Jones told me the story behind a now-viral clip of a tunnel hug between the two last year in which Vrabel can be heard saying, “I’ve never seen anything like it,” while getting emotional. Jones said Vrabel knew how hurt Jones was—in that game alone he was battling a stomach flu, torn MCL, and a high ankle sprain. Jones badly wanted to stay in the game and let Derrick Henry finish things off by running out the clock in a four-minute drill. His reasoning was simple: Jones was in Year 11 and “the next oldest guy was in like Year 4. So I wanted to make sure those guys knew I wasn’t going to leave them out to dry. I’m here for you. So I was just trying to be that guy for him. And Mike knew how bad I was hurting and what I was going through that day. He was just—it’s just one of those moments where everything happened.”
But crying is the exception for Vrabel, not the norm. Normally, he’s talking shit to everyone on the practice field. “Saying, ‘We did this when we won a Super Bowl,’” Jones said to describe Vrabel’s mixture of humble brags and just outright brags. “He’ll say, ‘Oh, I used to take all the defensive reps, then turn around and play scout team safety,’ and I’d say, ‘Did you take 100 snaps a day, old man? There’s no way you took all those reps.’”

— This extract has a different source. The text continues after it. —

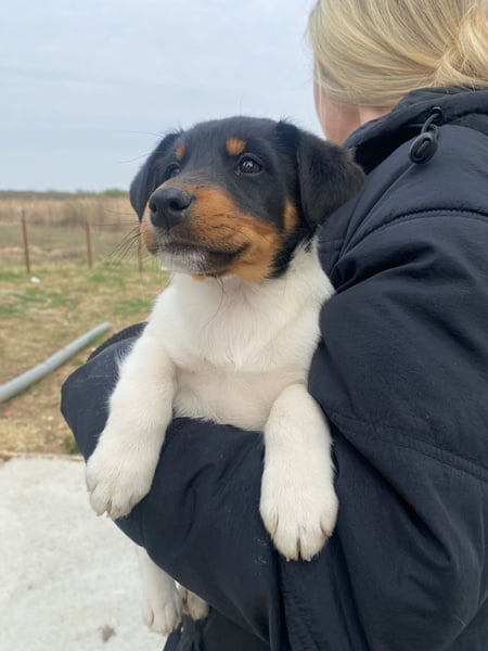 Die geschätzte Endgröße liegt bei etwa 35 cm, das Endgewicht bei circa 8-10 kg. Es könnte sein, dass ein Elterntier ein Jack-Russell-Mix war oder eine ähnlich aktive Mischung, daher sollte man bei ihnen einen lebhaften, bewegungsfreudigen Charakter erwarten. Mit der richtigen Förderung können Eliza, Elli und Emma zu wunderbaren, treuen Begleiterinnen heranwachsen.

Unfortunately for Jones and the other players who like to needle Vrabel back, his stories are mostly true. “He loved practicing on the scout team. He loved it. Loved it!” Harrison said. “He didn’t care if he had to be Ed Reed, the free safety, Ray Lewis, middle linebacker, or one of the great defensive ends, he would play that role. I was a great practice player and I’m like, ‘Look at this dude. He’s out running special teams, starting defense, nickel, goal line, and he’s playing scout team defense. That is phenomenal.’” This simply didn’t happen in the NFL, Harrison said. “He’s running R3 [position] on kickoff running down and it’s 90 degrees, full speed, juking guys, tagging off on the runner inside the 20, and he’s celebrating like he had three sacks. It was just so important to him.”

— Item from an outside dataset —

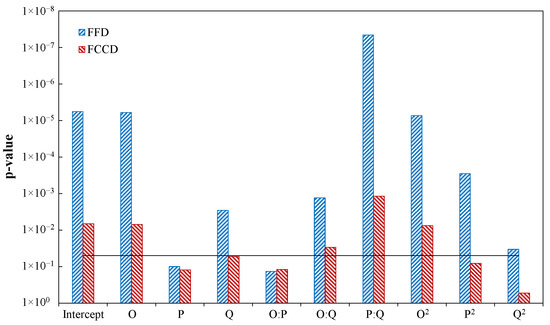 The results of the Fisher test F global allow one to conclude with full confidence that the analyzed data respond to a trend and, therefore, can be modeled (p-value = 1.332 for the FFD and p-value = 3.9 for the FCCD). A second-order multiple regression model with interactions is adjusted for each experimental design, with which the effect of the different factors is determined. The null hypothesis of the test establishes that the analyzed factor has no effect on the response variable. Therefore, the lower the p-value of each coefficient, the greater the evidence against the null hypothesis, suggesting a significant difference generated by the respective factor [42]. Table 8 summarizes the results of the variance analysis (ANOVA) for the adjustment of the regression models of the FFD and the FCCD.

It is still important to Vrabel, of course. But this season, he’s once again looking for the thing he’s always looking for. One time, he said, an opposing coach told him after a game that his team played their asses off. “It was the greatest feeling in the world,” Vrabel said. “It’ll be the best compliment I ever get. Not that we had a good play or a cool blitz. That we played our asses off. That’s all I need.” That and some Peloton wins, I guess.